Спешнев написал речь, которую читал в собрании у Петрашевского (текст ее также был захвачен при обыске), с возмутительными антигосударственными призывами. «С тех пор как стоит наша бедная Россия, в ней всегда и возможен был только один способ словесного распространения — изустный… так как нам осталось одно изустное слово, то я и намерен пользоваться им без всякого стыда и совести, без всякого зазора, для распространения социализма, атеизма, терроризма, всего, всего доброго на свете и вам советую то же» [224].
Спешнев предлагал развернуть широкое книгопечатание за границей запрещенных в России книг, совещался с другими о создании домашней литографии и даже решился учредить тайно у себя в доме типографию — на его деньги были приобретены необходимые для этого материалы. Спешнев обсуждал возможности восстания в Сибири и на Урале, и если Петрашевский был скорее усердным пропагандистом социальных учений, рассчитывая увидеть на своем веку фаланстеру и пожить в ней, а также высказывался против бунта и восстаний черни, то Спешнев, напротив, держался самых радикальных воззрений.
«Есть три способа для достижения какой-либо политической цели, — по свидетельству Львова и Петрашевского, говорил Спешнев на их совещании, — иезуитский, тайной интриги, как предлагают Момбелли, Львов и отчасти Петрашевский, явной пропаганды, как предлагает Дебу, и открытою силою. Если бы мне нужно было действовать, я бы избрал последний, а средством к тому — бунт крестьян!» [225]
Достоевский сблизился со Спешневым в тот момент, когда репутация «замечательно образованного, культурного и начитанного» (Петрашевский) человека, «обрекшего себя на служение гуманитарным идеям» (Семенов), уже устоялась: он слыл и сам себя называл коммунистом, он рассуждал о национализации земли и промышленности, об уравнении в правах всех сословий и уничтожении сословных привилегий. Его имя было замешано во всех опасных начинаниях петрашевцев, он старался поддержать все попытки, которые могли бы привести к реальному революционному делу. «Везде он, Спешнев, был вроде почетного гостя, — докладывали судьи, — оттого всегда его приглашали, зная, что он социалист, а социализм был в моде в этом обществе. Спешнев… должен был казаться очень интересным» [226].

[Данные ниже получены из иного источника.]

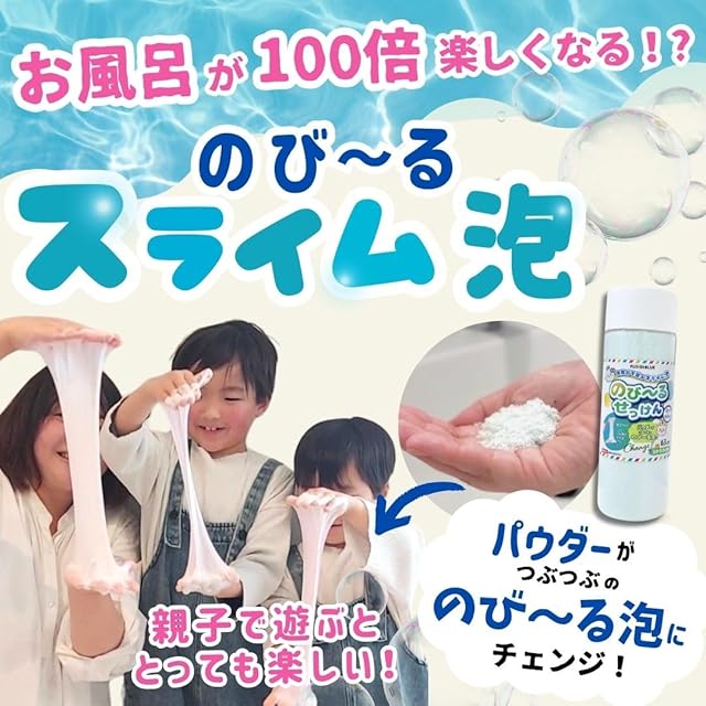お風呂で楽しく遊びながら、脳と身体の発達を促進する、新発想の知育玩具「子どもの才能 のびーるせっけん」 【製品紹介】 ・未体験!パウダーに水を加えて混ぜると、スライムのように、びよーんとのびる、楽しい泡にチェンジ! ・のびーる泡は、大人も子どもも夢中になる、ザラザラ・つぶつぶ・もちもち感触 ・のびーる泡はとても強力。水を加えすぎなければ、1時間以上連続して遊ぶことができます ・遊ぶだけで脳が育つ!指先は第2の脳。楽しく遊ぶだけで、創造性・集中力・忍耐力・応用力などの知能が高まります ・大人も驚きの本格的な良い香り。リゾートホテルのようなシトラスと、ジューシーなピーチの2ラインナップ ・のびーるせっけんのオリジナルの技で遊べる!ロープのように回したり、アイスや風船など、色んな形が作れます。 2人で伸ばして、どこまでのびるかチャレンジするのも楽しい♪ 【反響】 ・テストマーケティングを行った沖縄・国際通りの直営店舗「南の島のふしぎブルー」では、小学生たちが大熱狂!テスト期間中で既に累計12000個以上を販売。 SNSでも大反響を呼び、現在TikTokでは総再生数200万回以上を記録しています。 【想定される遊びシーン】 ・寒い季節は、お風呂で遊べる楽しいアイテムとして大活躍。お風呂嫌いのお子さんの対策にも活用いただいています ・水遊びのシーズンにも大活躍!お庭でのプール遊びや、川遊びなどで、全身スライム遊び!とても盛り上がるアイテムです 【パパママに嬉しいポイント】 ・片付けがとっても簡単。遊んだ後は水で流せば、お片付け終了 (※排水溝に詰まりませんか?と良くご質問を頂きますが、直営店のお試しでこれまで一度も詰まったことはありませんのでご安心ください。) ・近年「浴育」というキーワードが注目されるなど、バスタイムが親子のコミュニケーション時間として重要性が増しつつあります。 スマホ依存気味の子どもたちも、楽しい感触に夢中になり、パパママは一緒にお風呂で遊びながら、手軽に知育のための時間や家族の豊かなコミュニケーションの時間を作ることができます。 子どもが夢中になれる最適な伸びが得られるよう、安心安全にこだわりながら、1年半にわたり試行錯誤を重ねて開発。 一般的なスライムには中毒の危険性のあるホウ砂が含まれていますが、肌にふれても安心な素材にこだわり、 保湿力の高い砂糖を主成分とし、石鹸成分以外はすべて食品原料にて製造しています。 全成分:スクロース、脂肪酸ナトリウム、増粘剤(食添)、着色料、香料 ※のびーるせっけんは玩具です。石鹸を使用していますが、手や身体の洗浄にはお使いいただけません。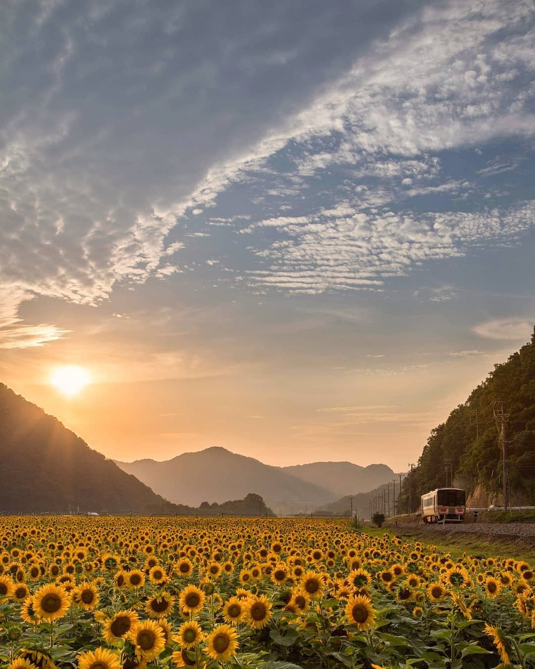 Check out the beautiful Nanko Sunflower Field in Sayo, Hyogo Prefecture! Approximately 1.5 million sunflowers bloom throughout the Nanko district from the beginning of July to beginning of August. The bright yellow sunflowers, sunset and train passing by make for the ultimate picture-perfect moment!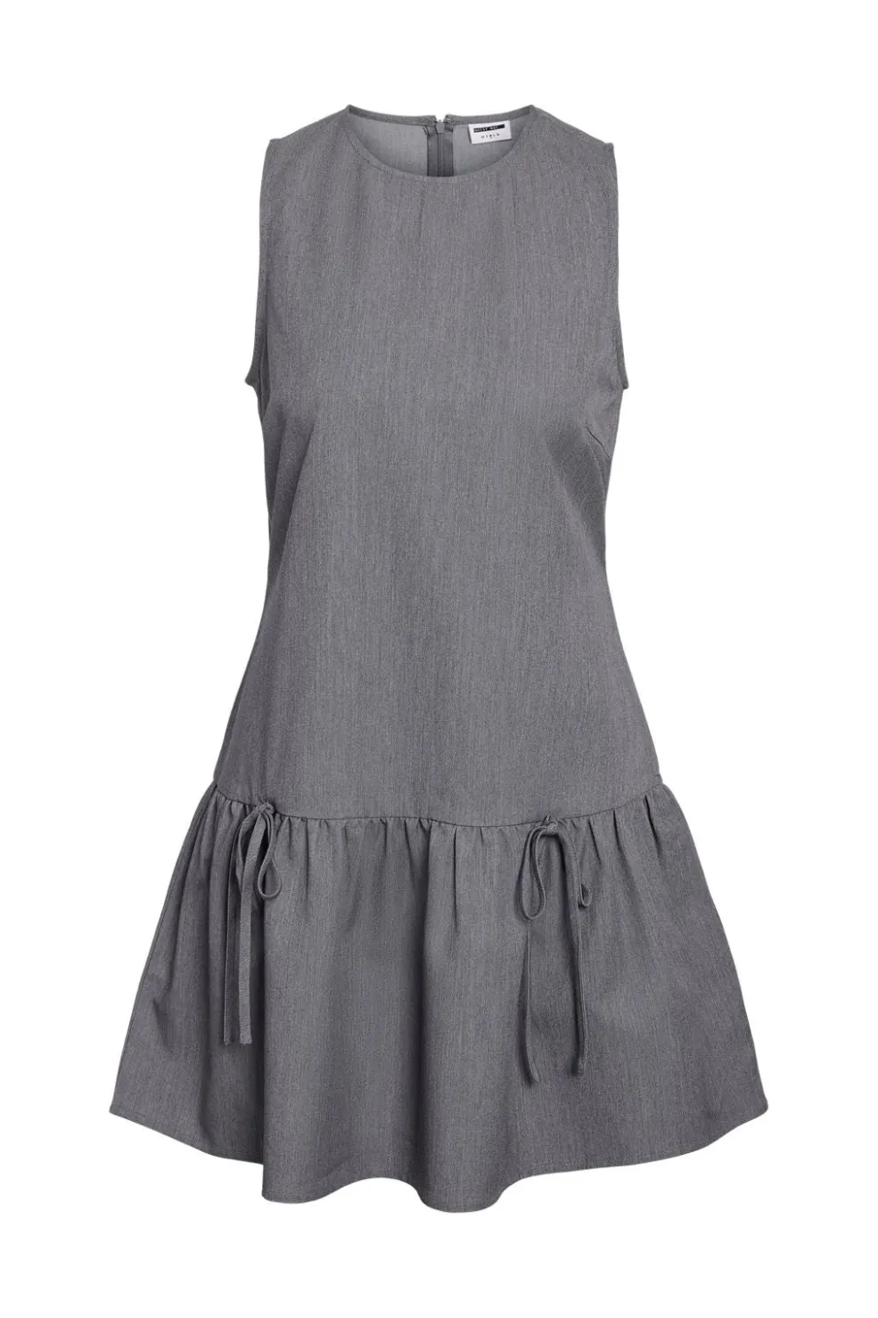 Ærmeløs kjole fra Noisy May i lys grå melange. Kjolen har peplumdesign med bindebånd i taljen og flæsedetaljer.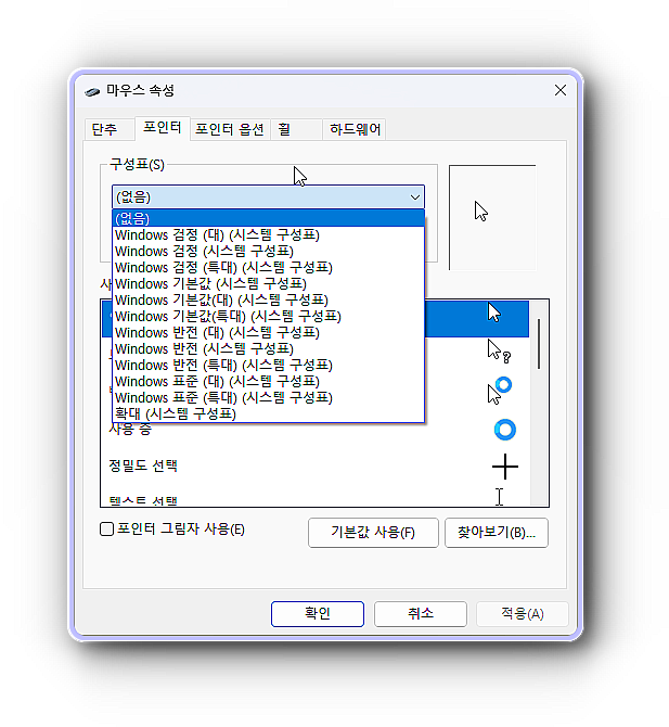 - 변경한 커서가 마음에 들지 않으면 [기본값 사용] 버튼으로 언제든 원래대로 되돌릴 수 있습니다.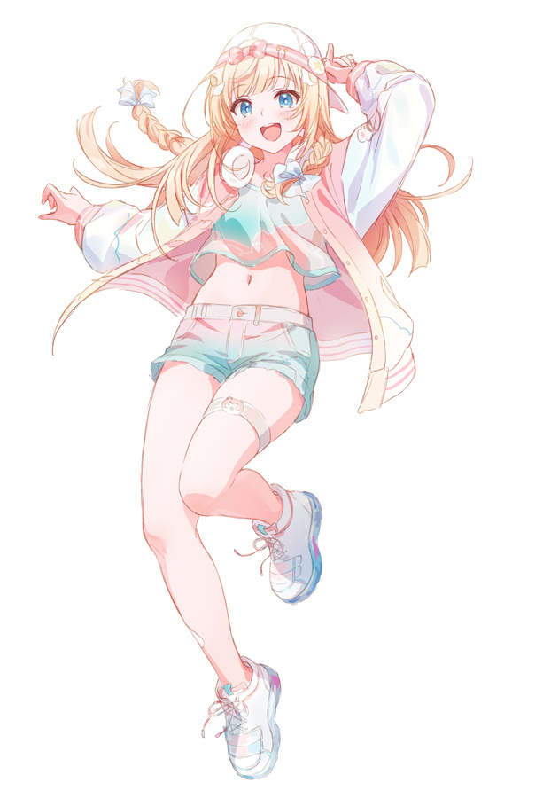 1girl backwards_hat baseball_cap blonde_hair blue_eyes braid full_body hat headphones headphones_around_neck hololive jacket kazama_iroha kazama_iroha_(street) long_hair midriff mikami_nacaba navel pink_jacket shoes shorts sneakers thigh_strap twin_braids virtual_youtuber white_background

Вряд ли, впрочем, он мог увлечь молодого Достоевского только тем, что читал сочинения социалистов и коммунистов — Теодора Дезами, Вильгельма Вейтлинга, Карла Маркса (известно, что Спешнев брал из общественной библиотеки Петрашевского «Нищету философии»). Слова Достоевского — «этот барин чересчур силен и не чета Петрашевскому» — значили много больше, чем только комплимент эрудиции: Спешнев с первого мгновения приковывал к себе внимание людей, весьма далеких от художественной экзальтации. «Его наружность и постоянное безмолвие поразили меня» [227], — показывал на следствии привлеченный к судебному разбирательству золотопромышленник P. A. Черносвитов.

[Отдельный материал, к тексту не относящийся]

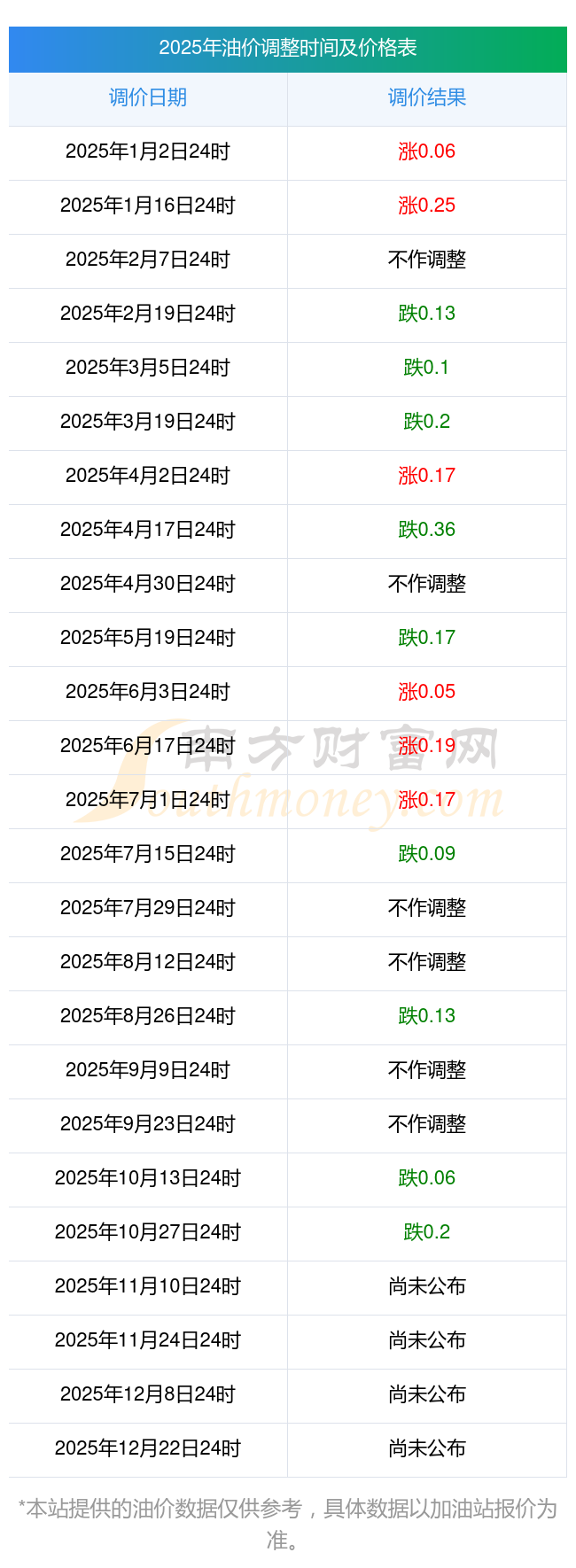 油價調整最新消息:下一輪油價調整時間11月10日24時。金牛區(qū)汽油、柴油11月2日每升最新價格為:92號汽油為6.94元;95號汽油為7.42元;89號汽油為6.44元;0號柴油為6.54元,調整時間為10月28日。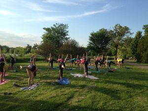 I am most familiar with two outdoor yoga classes- Yoga by the Lake, hosted by Meggan of the Yoga Garage, and Savasana at Sunset, hosted by Emily of Luminous Yoga!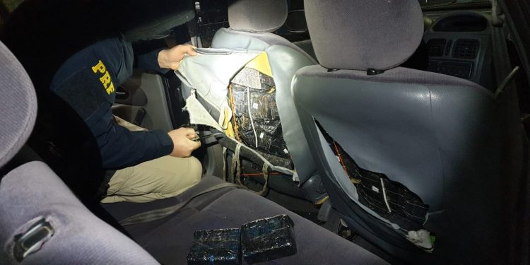 Durante fiscalização minuciosa no veículo, a equipe PRF encontrou, oculto nos estofados dos bancos traseiros e dianteiros, 2,3 mil cartelas, totalizando 45 mil comprimidos de medicamentos importados de forma ilegal do Paraguai.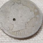 1886 U.S. Liberty Nickel 5 Cents (2nd Lowest Mintage) in about Good with a sizable divet in its cheek.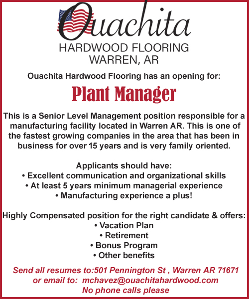 Ouachita Hardwood Flooring In Warren Looking For Plant Manager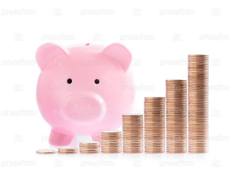 Розовая копилка и монеты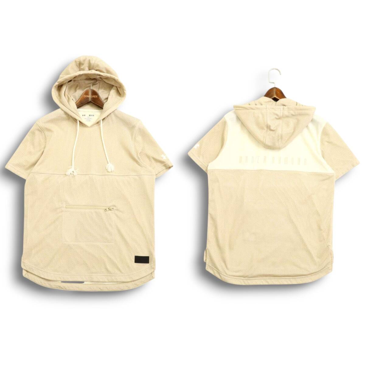 UNDER ARMOUR アンダーアーマー 春夏 バックロゴ★ 半袖 フーディー メッシュ 切替 パーカー Sz.M メンズ トレーニング
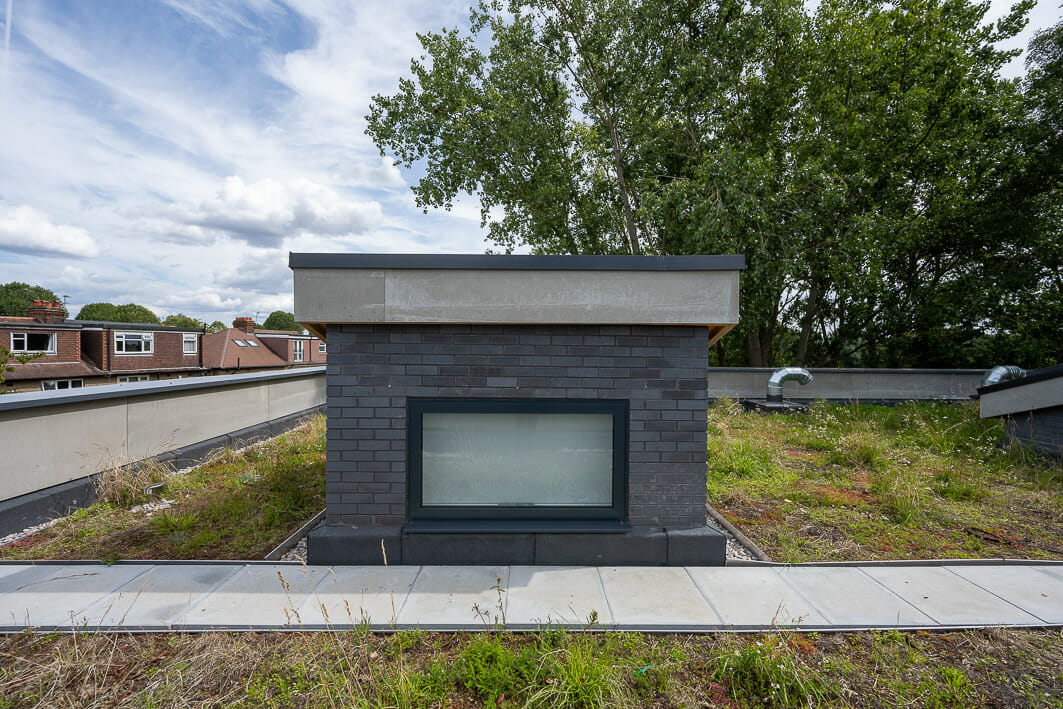 This project incorporates sustainability elements and features a green roof, which replaces the planted areas covered by the footprint of the building. We worked with the parks department to ensure that all trees that had to be felled during the works, were chopped into logs and stacked in the adjacent woods to form bug houses. Seven new trees were planted to replace those removed.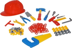 Ten bogato wyposażony zestaw narzędzi oferuje dzieciom bezpieczny i angażujący sposób na naśladowanie pracy dorosłych. Różnorodne elementy wspierają sprawność palców, precyzję ruchów oraz logiczne myślenie podczas łączenia poszczególnych części. Dzięki kaskowi i szerokiej gamie narzędzi dzieci doświadczą realistycznej zabawy w rzemieślników.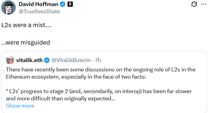 “Ambos hechos, por razones independientes, significan que la visión original de las L2 y su papel en Ethereum ya no tiene sentido, y necesitamos un nuevo camino.”

Эта манера вдумчивого, остронаблюдательного, но молчаливого присутствия на многолюдных «пятницах» Петрашевского; это бесстрашное, скрыто — напряженное и спокойное внимание, которым он дарил избранных собеседников, никогда не смешиваясь с ними; этот великолепный тон светской любезности и сдержанной простоты, который действовал обезоруживающе на тех, кого он приближал к себе, — все было в нем естественно и давалось ему без всяких усилий. «Он стоял посреди означенных лиц совершенно самостоятельно, ни в ком не нуждался, тогда как иные в нем нуждались; говорил мало, проводил большую часть времени у себя за книгами и должен был казаться таинственным человеком; бывал иногда резок на слова, так что перед ним не скрывались, и успевал узнавать все задние мысли, чтобы самому узнать, с кем он состоит в сношениях» [228]. В этом отрывке из всеподданнейшего доклада на имя государя за сухими протокольными фразами проглядывало невольное уважение суда к дару личного влияния, которым обладал подсудимый.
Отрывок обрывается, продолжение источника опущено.